The complete realisation of unity is therefore the essence of the integral knowledge and of the integral Yoga. To know Sachchidananda one in Himself and one in all His manifestation is the basis of knowledge; to make that vision of oneness real to the consciousness in its status and in its action, and to become that by merging the sense of separate individuality in the sense of unity with the Being and with all beings is its effectuation in Yoga of knowledge; to live, think, feel, will and act in that sense of unity is its effectuation in the individual being and the individual life. This realisation of oneness and this practice of oneness in difference is the whole of the Yoga.

Sachchidananda is one in Himself in whatever status or whatever plane of existence. We have therefore to make that the basis of all effectuation whether of consciousness or force or being, whether of knowledge or will or delight. We have, as we have seen, to live in the consciousness of the Absolute transcendent and of the Absolute manifested in all relations, impersonal and manifest as all personalities, beyond all qualities and rich in infinite quality, a silence out of which the eternal Word creates, a divine calm and peace possessing itself in infinite joy and activity. We have to find Him knowing all, sanctioning all, governing all, containing, upholding and informing all as the Purusha and at the same time executing all knowledge, will and formation as prakriti. We have to see Him as one Existence, Being gathered in itself and Being displayed in all existences; as one Consciousness concentrated in the unity of its existence, extended in universal nature and many-centred in innumerable beings; one Force static in its repose of self-gathered consciousness and dynamic in its activity of extended consciousness; one Delight blissfully aware of its featureless infinity and blissfully aware of all feature and force and forms as itself; one creative knowledge and governing Will, supramental, originative and determinative of all minds, lives and bodies; one Mind containing all mental beings and constituting all their mental activities; one Life active in all living beings and generative of their vital activities; one substance constituting all forms and objects as the visible and sensible mould in which mind and life manifest and act just as one pure existence is that ether in which all Conscious-Force arid Delight exist unified and find themselves variously. For these are the seven principles of the manifest being of Sachchidananda.

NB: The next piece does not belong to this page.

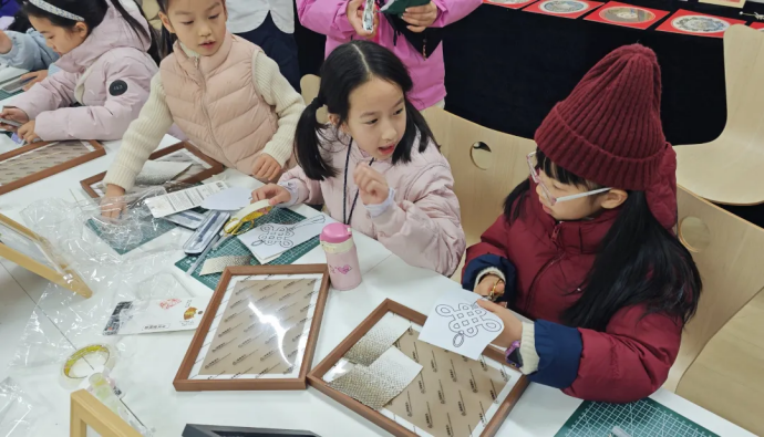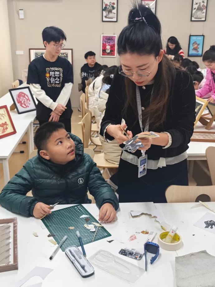 随后,师生移步至学校的非遗传承工作室。在这里,国家级非物质文化遗产——赫哲族鱼皮制作技艺传承推广团队为研学团带来生动讲解与实操指导。 从赫哲族渔猎文化到鱼皮画制作技艺,同学们在亲手剪贴、拼合、创作的过程中,完成从文化感知到实践创造的深度跨越, 真切感受到非遗在当代的生命力。

The integral Yoga of knowledge has to recognise the double nature of this manifestation, -- for there is the higher nature of Sachchidananda in which He is found and the lower nature of mind, life and body in which He is veiled, -and to reconcile and unite the two in the oneness of the illumined realisation. We have not to leave them separate so that we live a sort of double life, spiritual within or above, mental and material in our active and earthly living; we have to re-view and remould the lower living in the light, force and joy of the higher reality. We have to realise Matter as a sense-created mould of Spirit, a vehicle for all manifestation of the light, force and joy of Sachchidananda in the highest conditions of terrestrial being and activity. We have to see Life as a channel for the infinite Force divine and break the barrier of a sense-created and mind-created farness and division from it so that that divine Power may take possession of and direct and change all our life-activities until our vitality transfigured ceases in the end to be the limited life-force which now supports mind and body and becomes a figure of the all-blissful conscious-force of Sachchidananda. We have similarly to change our sensational and emotional mentality into a play of the divine Love and universal Delight; and we have to surcharge the intellect which seeks to know and will in us with the light of the divine Knowledge-Will until it is transformed into a figure of that higher and sublime activity.

This transformation cannot be complete or really executed without the awakening of the truth-mind which corresponds in the mental being to the supermind and is capable of receiving mentally its illuminations. By the opposition of Spirit and Mind without the free opening of this intermediate power the two natures, higher and lower, stand divided, and though there may be communication and influence or the catching up of the lower into the higher in a sort of luminous or ecstatic trance, there cannot be a full and perfect transfiguration of the lower nature. We may feel imperfectly by the emotional mind, we may have a sense by the sense-mind or a conception and perception by the intelligent mind of the Spirit present in Matter and all its forms, the divine Delight present in all emotion and sensation, the divine Force behind all life-activities; but the lower will still keep its own nature and limit and divide in its action and modify in its character the influence from above. Even when that influence assumes its highest, widest, intensest power, it will be irregular and disorderly in activity and perfectly realised only in calm and stillness; we shall be subject to reactions and periods of obscuration when it is withdrawn from us; we shall be apt to forget it in the stress of ordinary life and its outward touches and the siege of its dualities and to be fully possessed of it only when alone with ourselves and God or else only in moments or periods of a heightened exaltation and ecstasy. For our mentality, a restricted instrument moving in a limited field and seizing things by fragments and parcels, is necessarily shifting, restless and mutable; it can find steadiness only by limiting its field of action and fixity only by cessation and repose.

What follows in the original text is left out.